Just put new power pro 8lb on reel and when I cast for little distance for trout the bail would trip snapping off my lures. I made 30-40 casts and lost 6 lures to this problem. The stadic 2500 is right out of the box, used for the first time. The bad thing is I got it with gift cards in Jan. but didnt spool it up until now and I dont have the receipt anymore. Anyway, any suggestions that may cause this problem would be appreciated.


----------



## ELE4Fish (Jan 8, 2007)

look at your guids on your rod they might have a grove in them from the power pro had that problem from carp fishing


----------



## AtlantaKing (Jul 7, 2002)

beachcaster: You may need to take apart the bail trip mechanism to see if you can disable the autotrip (the thing that closes the bail when you start reeling) so it becomes a manual bail. I'm not familiar with Shimanos so I hope someone else will chime in about how to do it. 

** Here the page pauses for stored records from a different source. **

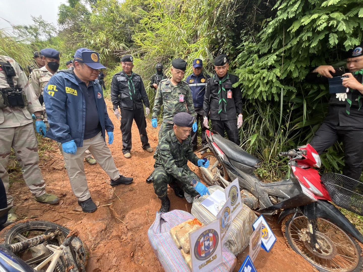 จากกรณี เมื่อวันที่ 22 มิถุนายน 2568 เวลา 18.30 นาฬิกา กองร้อยทหารพรานที่ 3109 หน่วยเฉพาะกิจกรมทหารพรานที่ 31 จัดกำลัง จำนวน 1 ชุดปฏิบัติการ ทำการลาดตระเวนเฝ้าตรวจเพื่อป้องกันและสกัดกั้นการกระทำผิดตามพระราชบัญญัติยาเสพติด บริเวณ บ้านเจียงจาใส หมู่ที่11 ตำบลแม่สลองนอก อำเภอแม่ฟ้าหลวง จังหวัดเชียงราย ต่อมาเมื่อวันที่ 23 มิถุนายน 2568 เวลา 05.30 นาฬิกา ตรวจพบแสงไฟรถจักรยานยนต์ขับตามกันมา จำนวน 5 คัน ลงมาจากเส้นทาง บ้านสามสูง ตำบลแม่สลองใน อำเภอแม่ฟ้าหลวง จังหวัดเชียงราย หน่วยจึงได้ทำการตั้งจุดสกัด บริเวณ บ้านเจียงจาใส หมู่ที่11 ตำบลแม่สลองนอก อำเภอแม่ฟ้าหลวง จังหวัดเชียงราย พบจักรยานยนต์เข้ามาบริเวณดังกล่าว กลุ่มบุคคลดังกล่าวเมื่อเห็นเจ้าหน้าที่ ได้ทิ้งรถจักรยานยนต์ และอาศัยความมืดหลบหนีไป บางส่วนได้กลับรถหลบหนีไป จากการตรวจสอบบริเวณดังกล่าว ตรวจพบกระสอบฟาง จำนวน 2 กระสอบ ภายในบรรจุยาเสพติดให้โทษประเภท 1 (ยาบ้า) จำนวน 200,000 เม็ด 1 กระสอบ และ จำนวน 202,000 เม็ด 1 กระสอบ รวมประมาณ 402,000 เม็ด และรถจักรยานยนต์ ไม่ติดแผ่นป้ายทะเบียน จำนวน 2 คัน ปัจจุบันหน่วยได้จัดกำลังเพิ่มเติม จำนวน 1 ชป. เพื่อทำการตรวจสอบพื้นที่บริเวณโดยรอบ จากการตรวจสอบไม่พบยาเสพติดเพิ่มเติม
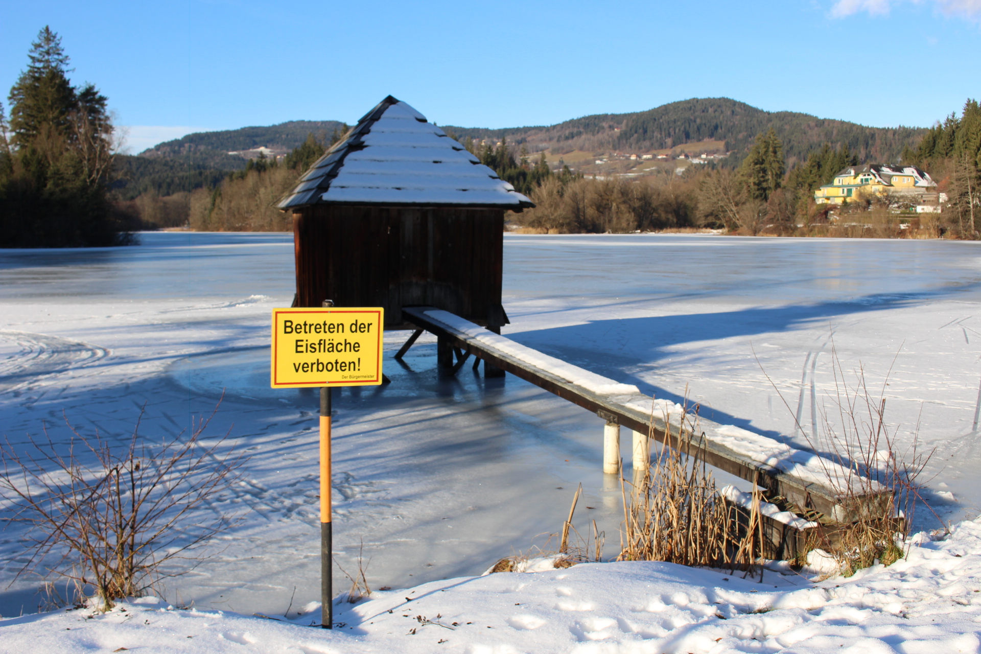 „Bitte betreten Sie die Eisflächen nicht und seien Sie Vorbild für Kinder und Jugendliche. Sobald das Eis die entsprechende Stärke hat, wird der Teich für das Eislaufen freigegeben“, appelliert Bürgermeister Herbert Gaggl.
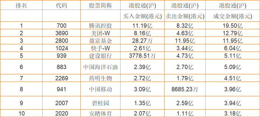港股通(沪)买卖前十股(单位:港元):
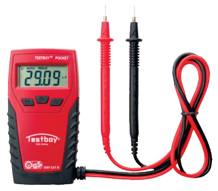 Digitální multimetr Testboy Pocket Testboy Pocket je odolný a velmi výkonný multimetr pro použití v nepříznivých podmínkách. Díky velkému LCD displeji a funkci Data Hold jsou výsledky měření snadno čitelné. Funkce Auto Range usnadňuje uživateli přepínání rozsahů měření. Díky jednoduché obsluze je Testboy Pocket vhodný pro každého servisního technika
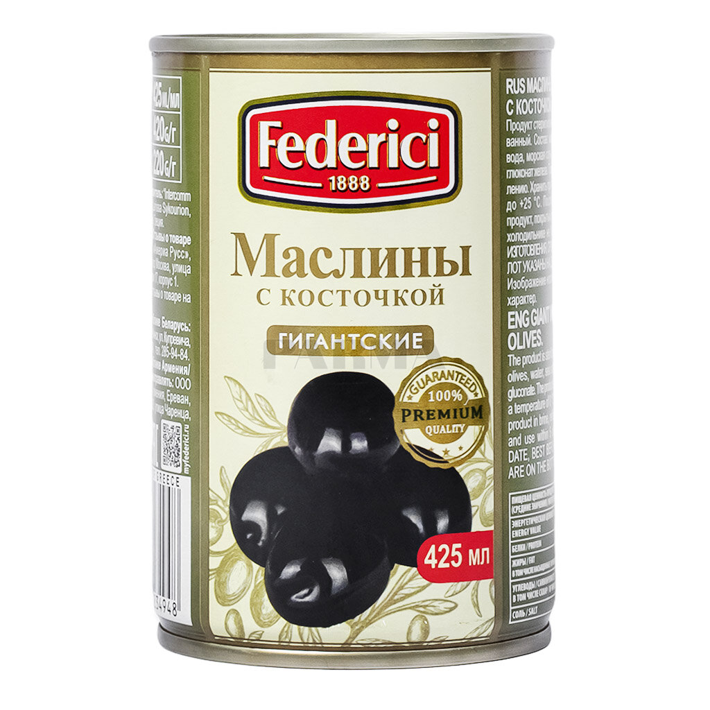 Купить Маслины Federici "Гигантсткие", крупные с косточкой, 420 гр., Италия
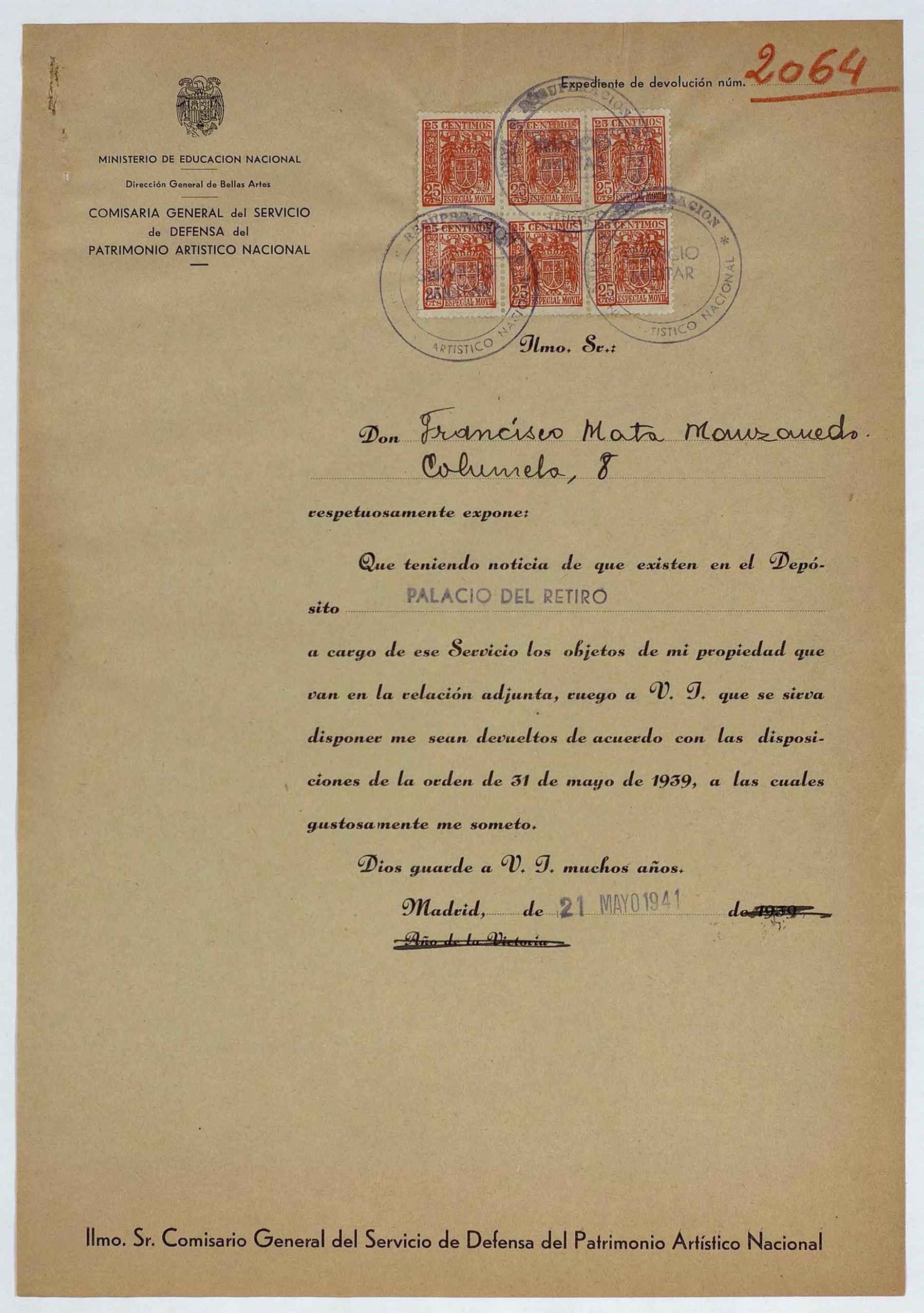 Expediente de devolución de Francisco Mata Manzanedo

ELE4Fish: it's not his guides, it the bail tripping when he's casting due to the rotation of the handle during the cast.


----------



## ELE4Fish (Jan 8, 2007)

i didnt think about that it has on happend to me a couple of times 
only when i try to cast extremly hard


----------



## Rockstar (Jun 23, 2004)

I have had this issue with a few spinners. Most of the time, if you open the bail, and rotate it to the trip point (the point where the reel turns the bail over) before you make you cast, it shouldn't close on you. It is a pain in the ass but you'll get into the habit of it.


----------



## beachcaster (Nov 8, 2002)

I know it wasnt the guides since the reel was on a new star rod also. Ill give turning the bail a try saturday. I wish I had the receipt Id send it in to be replaced. I shouldnt have to deal with a reel that cost $120 brand new like that. I emailed them with the issue so maybe Ill call also. If I dont get good results I hope your suggestion works, its about lesner bridge trout time !


----------



## Young angler (May 30, 2006)

*bail problem*

I have 2 4000 stratics and 1 2500 all were bought new. Two of them the bail fliped back to soon like you talked about. The solution is to always flip the bail from top to bottom. this takes some getting use to but it works great.


----------



## beachcaster (Nov 8, 2002)

I emailed shimano with the issue and they said to send it to them and they would fix it under warranty. Ill do that first but if it continues when I get it back Ill follow your advice. If thats the way the reels do then Ill get use to it like you said, thanks for the help.


----------



## derekxec (Apr 26, 2006)

make it manual pick up....thats how my van staal is and its sooooo much better and easy to get used to


----------



## hic-lock (Jun 27, 2001)

derekxec, you talken 'bout cutting the bail off?


----------



## Digger (Jan 4, 2000)

Listen to fishbox!!!


----------



## Rockstar (Jun 23, 2004)

Funny... I have had no issues with my Saharas... I have two 4000's and a 2500.


----------